Holness urges youth to take positive look at politics
Prime Minister Andrew Holness approaches the grave of former Prime Minister Edward Seaga at National Heroes' Park on Sunday May 28 to lay a wreath as a tribute marking the 93rd anniversary of his birth. (Photo: Naphtali Junior)

PRIME Minister Andrew Holness told young Jamaicans attending Sunday's floral tribute to former Prime Minister Edward Seaga, at National Heroes' Park in Kingston, to take a positive outlook on their politics.

"I am now speaking to the young people we have here.
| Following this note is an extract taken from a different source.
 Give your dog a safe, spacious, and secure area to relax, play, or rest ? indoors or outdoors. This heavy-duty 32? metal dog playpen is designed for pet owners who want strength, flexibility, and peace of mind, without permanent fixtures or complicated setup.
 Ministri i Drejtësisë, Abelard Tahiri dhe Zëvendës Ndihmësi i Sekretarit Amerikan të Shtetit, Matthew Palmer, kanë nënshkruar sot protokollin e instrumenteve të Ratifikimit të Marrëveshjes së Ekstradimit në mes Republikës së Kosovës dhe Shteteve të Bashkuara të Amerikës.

You need to look at your politics through future lenses, and not the lenses that have been placed over your eyes by those who are still stuck in the past in terms of their analysis, their criticisms, and their comments. You need to take a positive outlook on your politics," he told the crowd commemorating the 93rd anniversary of the birth of Seaga, Jamaica's fifth prime minister.

Holness, who praised Seaga for his political training prior to his ascendancy, said that the late leader, as minister of development and culture, saw that Jamaican culture had value and could be monitored and teamed with the Government's social arm, the Social Development Commission (SDC), to create programmes like Things Jamaican.

The name Things Jamaican became synonymous over the years with quality Jamaican-made art and craft products. However, as the prime minister noted, while the company still exists under the Jamaica Business Development Company (JBDC) with which it will be able to attract national talent from the rural areas in the craft and cottage industries, it failed to fulfil its objectives despite the presence of the United Nations Development Programme(UNDP), and fell flat because of political differences through the years.

"The programme is still existing. It is trying to fulfil its mission. It is there trying to sell Jamaican products and will be brought under the Ministry of Culture, Gender, Entertainment and Sport or the Ministry of Industry, Investment and Commerce. It could convert culture into a product, not a commodity, that could be used in the development of the country," the prime minister explained.

"So you can understand why the country has to review its politics in the way it does today. When you look at things like that, it is now helpful because you have to accept that your politics is changing, and it is only when your politics changes that the outlook and circumstances of the country will change," he added.

He said that previous prime ministers — including Michael Manley, PJ Patterson, Bruce Golding and Portia Simpson Miller — had also tried, in their very own way, to change those circumstances without success.

"To change politics what we need to do now is to get the people to believe that the politics is changing and bring them along with the changes, and using the old perspectives and the old outlooks to analyse the current situation before we carry you back to the old perspectives. You need to look at your politics," he insisted.

Other speakers at the tribute included Minister of Culture, Gender, Entertainment and Sport Olivia "Babsy" Grange, and the Minister of Local Government and Community Development Desmond McKenzie, both protégés of Prime Minister Seaga who was born on May 28, 1930. He was buried in National Heroes Park, in Kingston on June 23, 2019.

Floral tributes were laid by: Prime Minister Holness; Minister of National Security and Deputy Prime Minister Dr Horace Chang; former People's National Party (PNP) Minister Horace Dalley, who represented Opposition Leader Mark Golding; Dr Dunn, who represented Finance and the Public Service Minister Dr Nigel Clarke; Prudence Kidd-Deans, on behalf of the widow of Seaga; Senator Kamina Johnson Smith, minister of foreign affairs and foreign trade, who represented his children; Councillor Jermaine Hyatt, Kingston and St Andrew Municipal Corporation (KSAMC), representing the mayor of Kingston, Councillor Delroy Williams; Ann-Marie Spence-Heron, president of the Tivoli Gardens Football Club; Christopher Bovell, chairman of the Edward Seaga Research Centre; and Shayne Kerr, president of Generation 2000.

Performances were from: D Brunz, singing The Harder They Come; and the Tivoli Dance Troupe doing Revibration. Master of ceremonies was Oliver Watt.